Solar incentives can create 100s of thousands of new jobs

At least that’s the gist of a new report from Howard H. Baker Jr. Center for Public Policy at the University of Tennessee, Knoxville. The study, “Assessment of Incentives and Employment Impacts of Solar Industry Deployment," found that solar is on the same track that other energy sources in the U.S., like coal, oil, natural gas, and nuclear energy formerly took.

But the report also found that solar has the potential to create more jobs than other energy sources on a per megawatt hour basis. “The study finds that solar could support 200,000 to 430,000 jobs across the United States by 2020 and from 240,000 to 965,000 jobs in 2030 (including direct, indirect, and induced jobs),” said report author Susan Schexnayder, a senior research associate at the university’s Human Dimensions Research Lab.
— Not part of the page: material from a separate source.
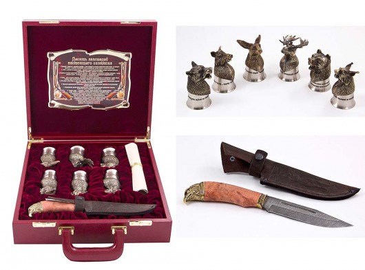 Подарочный набор из стопок-перевертышей и охотничьего ножа поможет выразить ваше уважение к другу, родственнику или коллеге. Личные стопки с именной надписью и настоящий дамасский нож — знак успешности и престижа, который придется по душе любому охотнику.
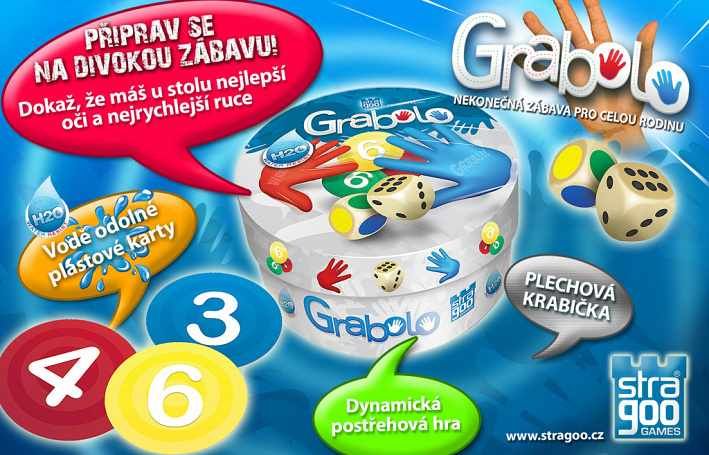 Dokaž, že máš u stolu nejlepší oči a nejrychlejší ruce. Kostky určí kombinaci barvy a čísla a tvá ruka se musí co nejdříve dostat na správnou kartu. Divoká přestřelka rukou nad stolem a nekonečná zábava. Grabolo nezklame na párty ani při rodinné hře. Grabolo – divoká zábava pro všechny. Hra obsahuje 36 plastových voděodolných karet a 2 dřevěné kostky.

“The low-end assumes the solar power in the U.S. grows at the same rate as the GNP [i.e., gross national product]. The upper end projection is based on the DOE SunShot initiative’s projected employment which assumes 26 percent annual growth, but is roughly consistent with a 20 percent growth rate that we model which is a tempering of the IPCC’s projection of 30 percent annual growth in U.S. solar capacity,” Schexnayder said.

Solar has been around for a while, but not as long as oil or coal. “Solar is not necessarily traveling any faster or slower along the adoption path than other energy resources, but it is on the same trajectory—with a relatively slow start followed by a period of rapid growth,” said Schexnayder. But to get to the level of mass adoption like other energy sources it still needs help. And why not? “The study points out that all energy sources—even those that have achieved full maturity—are subsidized,” Schexnayder said.

Some of those subsidies have been in place for a long time. The report sites a Management Information Services, Inc. study which looked at government incentives for energy industries from 1950 to 2010. It found that the oil industry has received $369 billion, coal $104 billion and renewables since 1950. Another study, from the Renewable Energy Policy Project, found that solar has received $5.7 billion since 1947.